Pellegrini considers the 1984 paper to be the real start of his involvement in what was to become, 25 years later, the LCLS. Many colleagues from the accelerator physics community joined him in overcoming the technical challenges. The effort gained momentum after that fateful workshop in 1992 where Pellegrini first proposed the LCLS. His account is a laundry list of contributions made by a phone book's worth of collaborators, from a vital piece called a photoinjector that was developed at Los Alamos National Laboratory "by Sheffield and Fraser," to inexpensive Chinese wave guides and radio-frequency components Pellegrini used to create an FEL prototype on a tight budget, to a free undulator magnet "built by Varfolomeev’s group in Russia," that Pellegrini used at to experimentally demonstrate SASE.
"It's in my office now. It's 60 centimeters long. That's small, but very, very nice."
According to Pellegrini, how to accelerate an electron beam while preserving the high beam quality necessary to generate coherent X-rays was an important contribution from high energy physics in general and the linear collider experience here at SLAC in particular. SLAC people played another important role, as well.
”Most people in the FEL community believed an X-ray FEL would never work, and they were not totally crazy," Pellegrini said. "There were a lot of reasons—everything had to be done at the frontier, pushing the knowledge and with extreme technical quality. And it was not an easy job. It was very good that a few people here, like Herman Winick, Artie Bienenstock and Max Cornacchia, believed in this idea and started to support it."
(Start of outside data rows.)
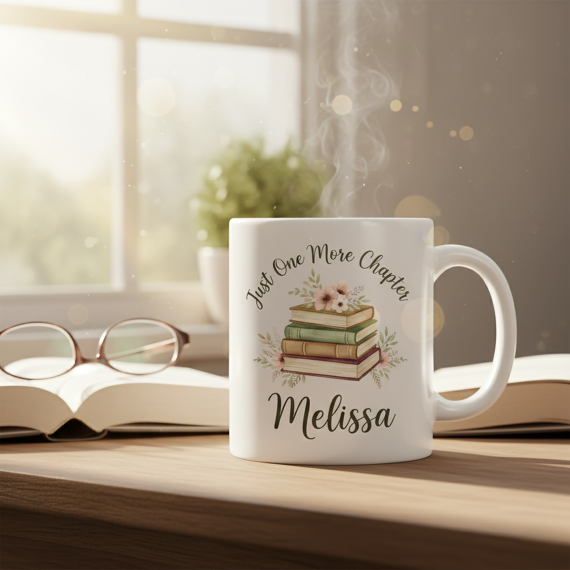 For book lovers, there’s something magical about the quiet moments spent with a warm drink and a good story. This personalized mug is made for those who always say “just one more chapter” — and truly mean it. It brings together the comfort of slow mornings, the peaceful rhythm of turning pages, and the simple joy of escaping into another world. Add your name to the design and make each sip part of your reading ritual, a gentle reminder that you deserve these calm, cozy moments with your favorite stories. And if you're gifting it, you’re not just giving a mug — you’re giving someone a small daily escape, a little piece of comfort they can hold.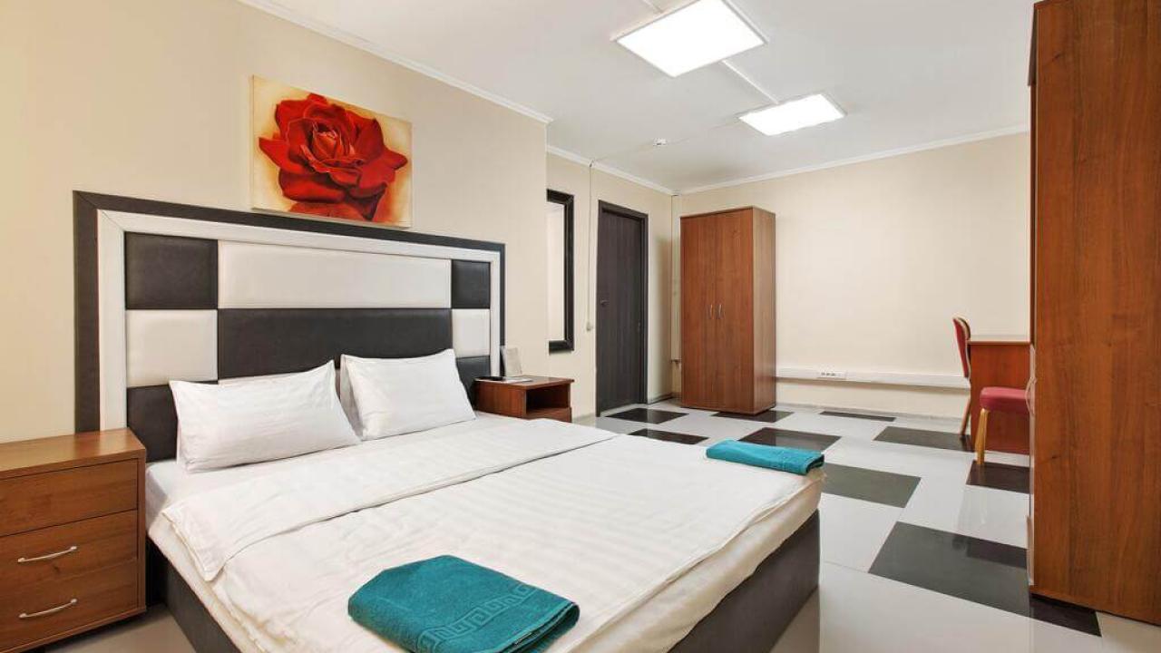 Отличные апартаменты, большая кровать, кондиционер. Удобная планировка. Привлекательный дизайн. Отличные условия для крепкого сна и проживания в целом. Рядом магазины и кафе. Персонал внимателен к гостям, обслуживание отличное, отель чистый.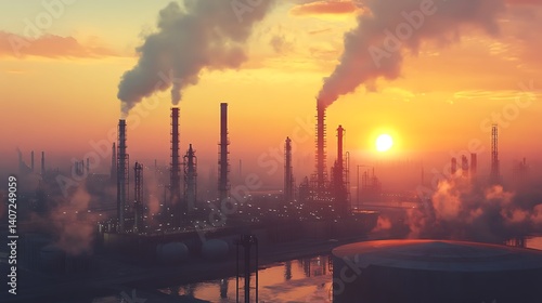 © zerogami, Obraz premium Sunset Over Industrial Complex: A Reflection on Energy and Environment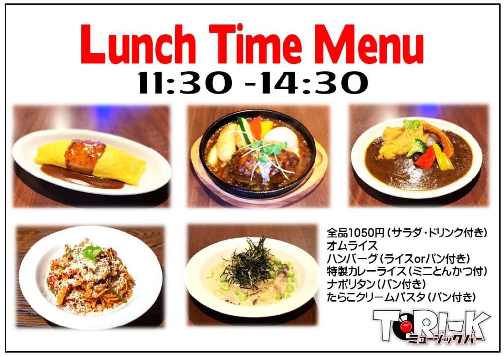 この機会にミュージックバーTORI-Kの洋食を召し上がってみてはいかがですか?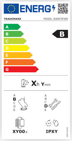 بنابراین، از 20 ژوئن 2025، باتریهای دستگاههای تلفن همراه و تبلتها باید اطلاعاتی در مورد بهرهوری انرژی، دوام، مقاومت در برابر آب و گرد و غبار و توانایی مقاومت در برابر سقوطهای تصادفی خود را نشان دهند. این اولین باری است که محصولی که در بازار اتحادیه اروپا عرضه میشود، باید برچسبی را به نمایش بگذارد که از نظر شماتیک میتواند مانند برچسبهای روی یخچالها باشد، با امتیاز طراحی زیستمحیطی که سهولت تعمیر را اندازهگیری میکند.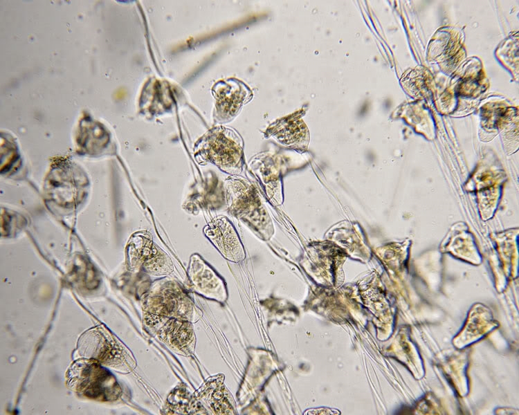 Ich habe nachgesucht, und weiss jetzt, dass es kein Vorticella ist. Also lieber Carchesium polypinum.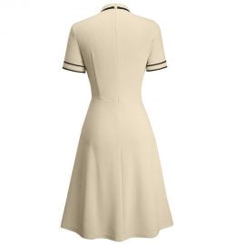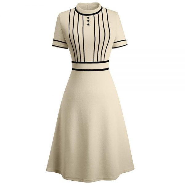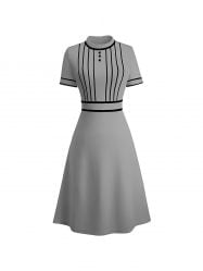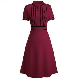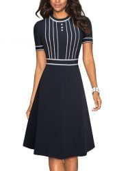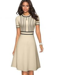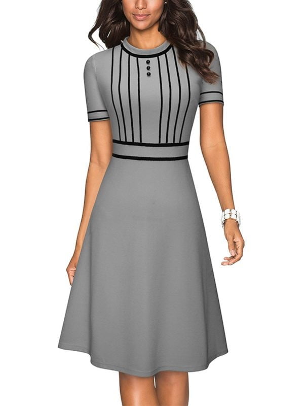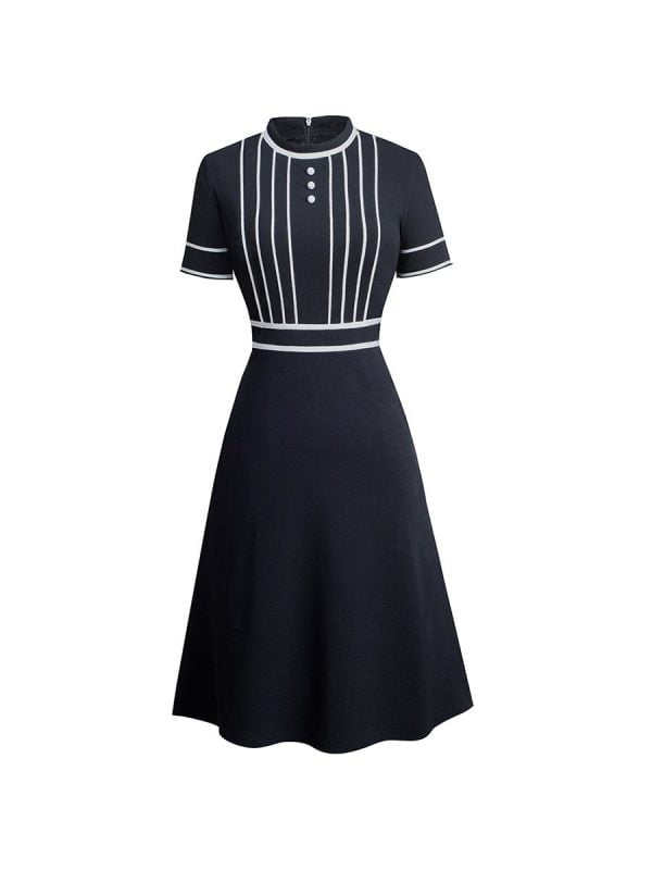 Women’s Dress Contrast Stitching Short Sleeve Midi A-line Swing Dress

Pellegrini's determined band of physicists finally caught the attention of the Department of Energy, which decided to fund the project. "And you know the rest of the story," he said—the successful launch of the world's first hard X-ray FEL in 2009.
"In a way, the final success that came so brilliantly in 2009 was a demonstration of how much the accelerator physics community had done. Building the LCLS was such a difficult task—at the frontier of what man could do—bringing together new developments in linear colliders, the photoinjector, instrumentation, diagnostics, theory and simulations. But it was done by the LCLS team with remarkable success, a demonstration of the quality and the commitment of their work and that of the general community of accelerator physicists. Everybody deserves much recognition for the final success."
Pellegrini retired last year from UCLA and now works at SLAC. "At this point in my life I work part-time," he said. His part-time work involves improvements to future FELs. "At the moment I'm working on some general aspects of these FELs. LCLS is great, but one can do more."
Pellegrini said he would like SLAC to become a world-wide center of FEL research and development. To that end, he's helping to push a proposal to build a facility dedicated to FEL studies at SLAC, an idea that has been endorsed by SLAC's Scientific Policy Committee.
"That's something we really would need to push the free-electron laser to its maximum level of capability. Because LCLS by now is so busy that to take the time on it to test a new idea is very hard," Pellegrini explained.
"This is my point of view," he said. "LCLS is not the arrival point, but a starting point."